Но, притворяясь, охая и вздыхая, плачась па свою бедность, болезни и сиротство, Анна Марковна в душе была рада и такой сделке. Да и то сказать; она давно уже чувствовала приближение старческой немощи вместе со всякими недугами и жаждала полного, ничем не смущаемого добродетельного покоя. Все, о чем Анна Марковна не смела и мечтать в ранней молодости, когда она сама еще была рядовой проституткой, – все пришло к ней теперь своим чередом, одно к одному: почтенная старость, дом – полная чаша на одной из уютных, тихих улиц, почти в центре города, обожаемая дочь Берточка, которая не сегодня-завтра должна выйти замуж за почтенного человека, инженера, домовладельца и гласного городской думы, обеспеченная солидным приданым и прекрасными драгоценностями... Теперь можно спокойно, не торопясь, со вкусом, сладко обедать и ужинать, к чему Анна Марковна всегда питала большую слабость, выпить после обеда хорошей домашней крепкой вишневки, а по вечерам поиграть в преферанс по копейке с уважаемыми знакомыми пожилыми дамами, которые хоть никогда и не показывали вида, что знают настоящее ремесло старушки, но на самом деле отлично его знали и не только не осуждали ее дела, но даже относились с уважением к тем громадным процентам, которые она зарабатывала на капитал.
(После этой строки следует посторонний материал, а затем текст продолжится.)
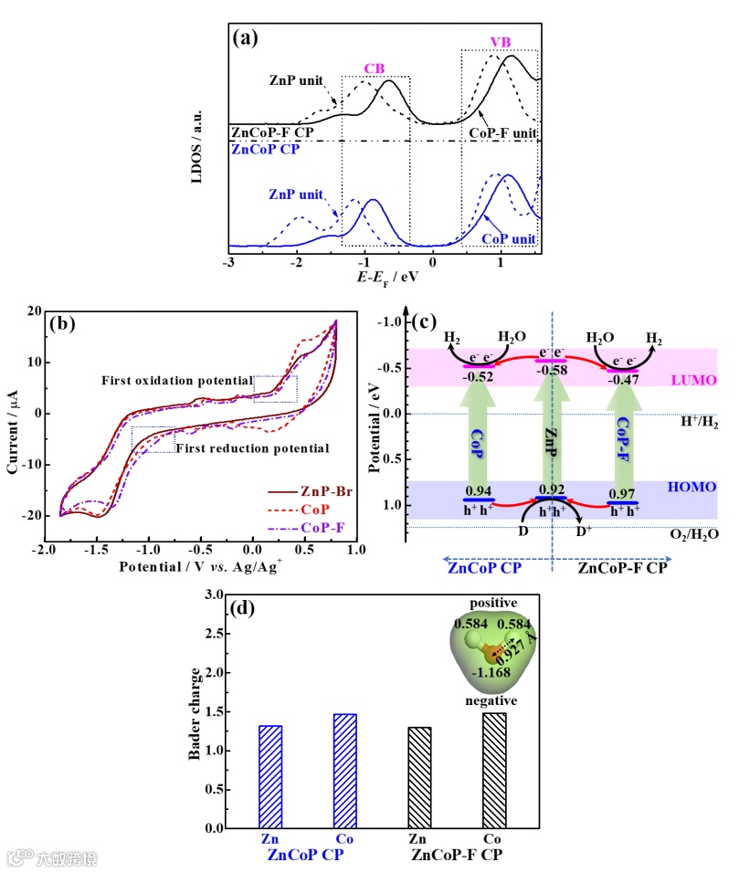 理论计算结果显示,在聚合物(ZnCoP CP和ZnCoP-F CP)中锌卟啉核的导带位置均比钴卟啉核的导带位置负,而锌卟啉核的价带均比钴卟啉核的价带正。卟啉单体(ZnP-Br、CoP、CoP-F)的电化学实验结果表明锌卟啉单体(ZnP-Br)比钴卟啉单体(CoP、CoP-F)有更低的第一还原/氧化电位,即锌卟啉核比钴卟啉拥有更低的LUMO/HOMO能级位置。

И этими милыми знакомыми, радостью и утешением безмятежной старости, были: одна – содержательница ссудной кассы, другая – хозяйка бойкой гостиницы около железной дороги, третья – владелица небольшого, но очень ходкого, хорошо известного между крупными ворами ювелирного магазина и так далее. И про них в свою очередь Анна Марковна знала и могла бы рассказать несколько темных и не особенно лестных анекдотов, но в их среде было не принято говорить об источниках семейного благополучия – ценились только ловкость, смелость, удача и приличные манеры.